In a powerful opening address to the first assembly of the nation’s bishops to be held after Filipinos elected the anti-Catholic populist Rodrigo Duterte as their president, Villegas called them to be “pastors of the Church in the wilderness.” He urged them to have the courage to “defend and vindicate the rights of the poor and the oppressed, even when doing so will mean alienation or persecution from the rich and powerful.”
Villegas did not mention Duterte by name, but the man who accused the Catholic Church of corruption, called its leaders, including Pope Francis, “sons of whores,” and said one of its priests sexually molested him in high school, was probably in mind when the archbishop delivered at least some of his address.
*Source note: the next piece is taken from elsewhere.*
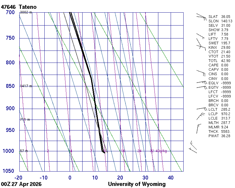 Precipitable water [mm] for entire sounding: 18.89
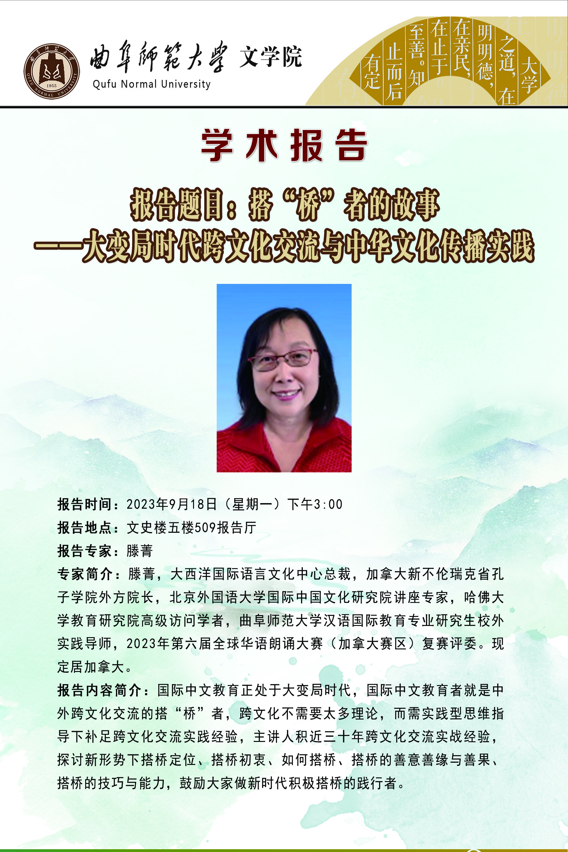 专家简介:滕菁,大西洋国际语言文化中心总裁,北京外国语大学国际中国文化研究院讲座专家,哈佛大学教育研究院高级访问学者,半岛在线体育网汉语国际教育专业研究生校外实践导师,2023年第六届全球华语朗诵大赛(加拿大赛区)复赛评委。现定居加拿大。

“We were speaking a language that our flock could not understand,” he said to describe how seemingly irrelevant the church leadership has become. “When we appealed for morality, our people laughed at vulgarity. When we challenged indecency, we were despised and ridiculed as archaic.”
“When we preached about marriage and family life, we were dismissed as uninformed bachelors. We are called shameless hypocrite children of whores. It felt like the Church was like Ismael, son of Abraham, sent to the desert to die.”
Villegas began his address by tracing church-state relations since the time of the dictatorial President Ferdinand Marcos, whom the Church helped oust in 1986. In what was called “critical collaboration,” the bishops had significant influence with subsequent regimes without, it hoped, giving up its independence.
“Without the military repression and an authoritarian regime, would the Church still be relevant?” the archbishop mused. “Many of us saw ourselves more collaborative than critical and, sadly, in some instances, co-opted by our former comrades … now occupying top government positions.”
Clearly, the Church had lost enough clout by 2012, Villegas noted, that its opposition to the Reproductive Health Law was ignored by the government. And without mentioning it specifically in this June’s presidential election, the bishops’ opposition to Duterte was ignored by the voters.
The Church, Villegas said, had turned a corner into a “hostile wilderness,” but this, as the life of Christ shows, can be a good thing. “The wilderness is also for purification and prayer. It is also for returning to the basics without the trappings and icings. The wilderness beckons us to stay with the Lord and return to the essentials. The wilderness tests our readiness for martyrdom.”
The essentials, he continued, meant standing up for the powerless. “We will stand up for the moral right. We will resist the moral wrong. We will stand and defend every person’s life and dignity. We will shield the weak from harm. We will protect the confused from error.”